The bloodline cannot be denied; the traditional singer-songwriter influences are there for all to hear. If Wainwright sounds alien in the current musical soundscape, it may have something to do with having travelled on the good ship Talent, from the Planet Originality.


Rocket D.I.Y.

Fence Records FNC27P

King Creosote is Kenny Anderson, the main post in the Fence Collective, the assortment of musicians and DJs that has made the East Neuk of Fife an unlikely centre of artistic adventure. This record’s predecessor, Kenny and Beth’s Musakal Boat Rides, comprised a collection of songs several years in the writing. Rocket D.I.Y. benefits from being written over the past year and recorded in a matter of weeks.

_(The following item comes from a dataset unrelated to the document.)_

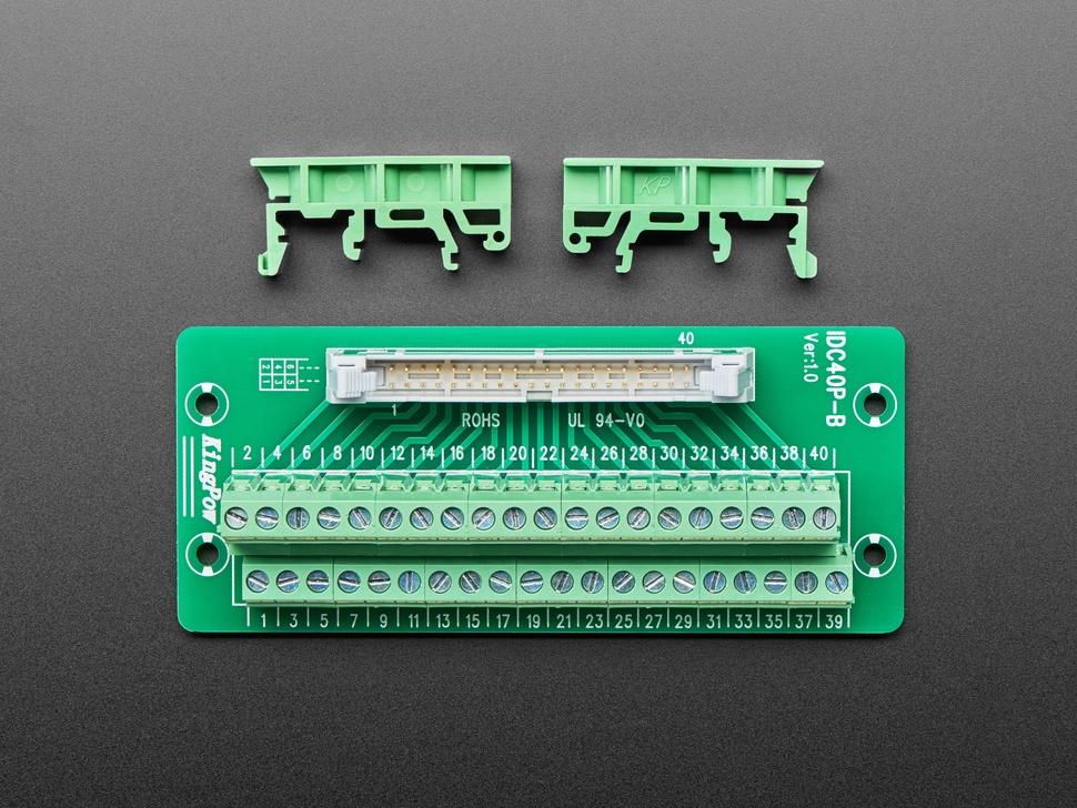 Deze adapterplaat is perfect om complexe bedrading eenvoudig te vereenvoudigen. Sluit een 2x20 IDC-kabel rechtstreeks aan op de printplaat, die op een DIN-rail kan worden gemonteerd. Alle 40 pinnen zijn handig broken out in terminal blocks , zodat u moeiteloos sensoren, displays en microcontrollers kunt aansluiten en van stroom kunt voorzien.

"I was past 35 before my face made much sense," Anderson philosophises in ‘Saffy Nool’, but the music is falling sweetly into place as well, with upside down bass rhythms on ‘Klutz’ proving the King has more to him than country sea shanties.


Counting Down The Days

BMG 82876683712

Three years in gestation, this record tells us very little about Imbruglia that we did not already know. It wants to say she is a singer songwriter, teaming her with the likes of Gary Clark - formerly of Danny Wilson - and other composers for hire to persuade us of the case. Imbruglia acts out the part of the serious artist she so clearly yearns to be, but lacks the true character in her voice to make it a convincing portrayal.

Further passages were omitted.